The percentage of Americans without a bank or credit union account fell to its lowest level since 2009 after COVID-19 stimulus checks and other relief motivated uptake of financial services, according to a survey released Tuesday by the Federal Deposit Insurance Corporation.

“During the pandemic, consumers opened bank accounts to access relief funds and other benefits quickly and securely,” said Acting FDIC Chairman Martin Gruenberg in a statement. “Today’s results highlight the importance of ensuring consumers who are receiving benefits or starting a new job, two key bankable moments, can easily find and open a bank account that meets their needs.”

Roughly 4.5% of American households were “unbanked” in 2021, according to the survey, meaning that no one in the households had a checking or savings account at a bank or credit union. That’s the lowest level since the survey began in 2009. The number of unbanked households fell from 7.1 million in 2019 to 5.9 million last year.

FDIC

The most cited, primary reason that survey Americans cited for not having a bank account was not having enough money to meet a minimum balance, with a lack of trust in banks being the second most cited reason.

Of the households that became banked over the past two years, which also received a pandemic-related government benefit, 45% said that the payment contributed to their decision to open an account.

Roughly 30% of unbanked respondents said that one reason for not having an account was high and unpredictable fees, while 11.5% said they don’t have the personal identification required to open an account.

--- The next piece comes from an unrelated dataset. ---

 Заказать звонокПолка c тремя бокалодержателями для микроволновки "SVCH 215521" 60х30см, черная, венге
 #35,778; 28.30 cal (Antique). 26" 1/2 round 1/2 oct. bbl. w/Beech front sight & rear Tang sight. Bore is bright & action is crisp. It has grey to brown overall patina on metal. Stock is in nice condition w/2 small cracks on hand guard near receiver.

The unbanked rate varies greatly depending on race and socioeconomic status, with white households and wealthier households much more likely to have a bank or credit union account.

FDIC

Another major trend identified in the report is the rise of mobile banking, with the share of households using these services rising from 15.% in 2017 to 43.5% last year, while the share of households that primarily accessed their accounts using a bank teller fell from 24.8% in 2017 to 16% last year.

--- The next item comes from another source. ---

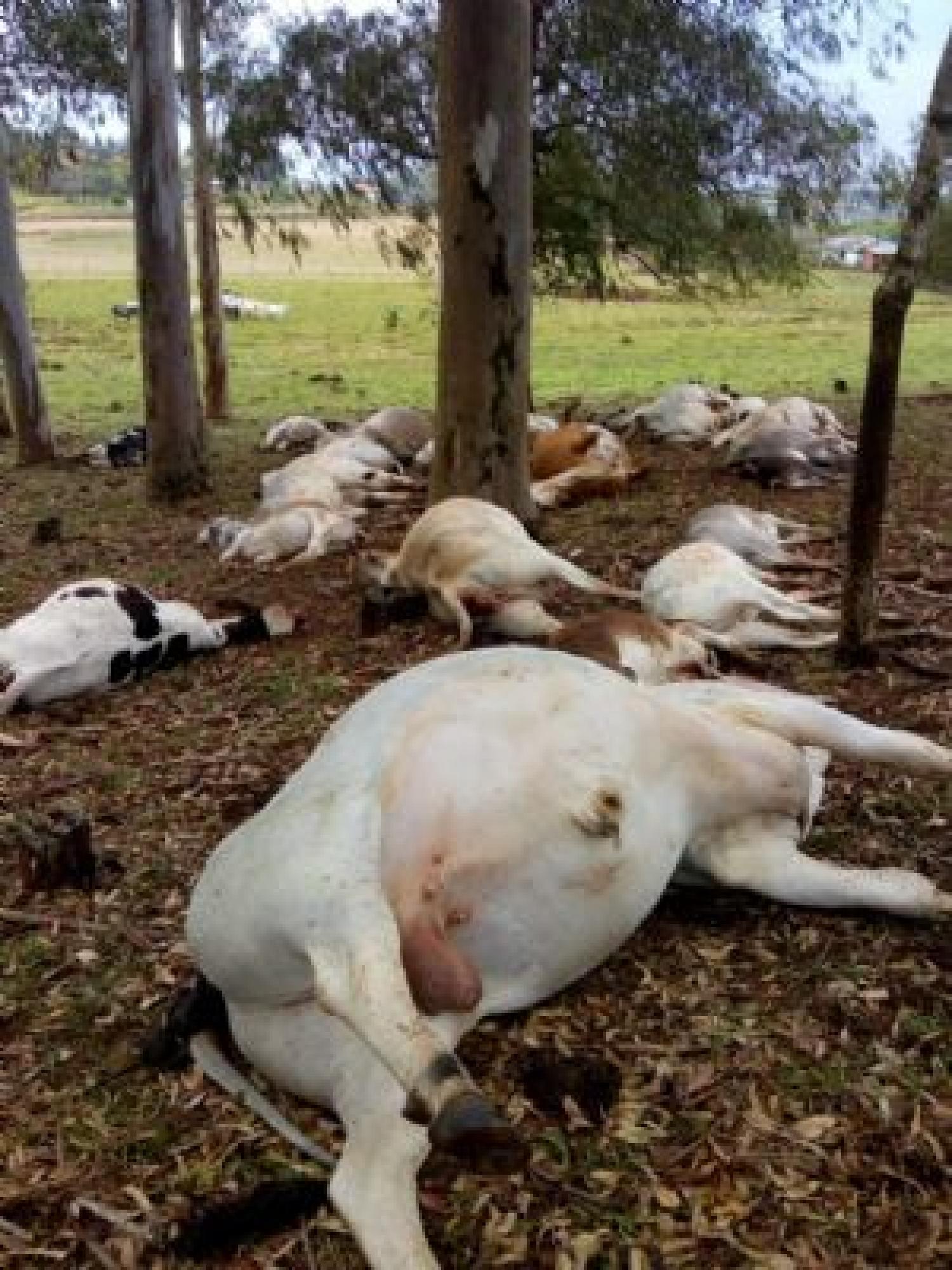 Durante o temporal da noite desta quarta-feira, dia 02, um raio matou 27 cabeças de gado de corte sendo a maioria vacas.

The survey also suggests that health and safety concerns related to the COVID-19 pandemic may have accelerated the adoption of tools like mobile banking and other online channels to access financial services.

With the chance of an economic recession looming, it’s possible that a concurrent rise in the unemployment rate and declines in income could also drive the rate of unbanked households higher.

The FDIC estimated that about half of the decline in the unbanked rate between 2011 and 2021 was the result of socioeconomic changes, like increases in income or education, according to Karyen Chu, chief of the banking and consumer research section at the FDIC.

“To the extent that income goes down, that has generally been associated with increases in unbanked rates,” Chu told reporters Tuesday.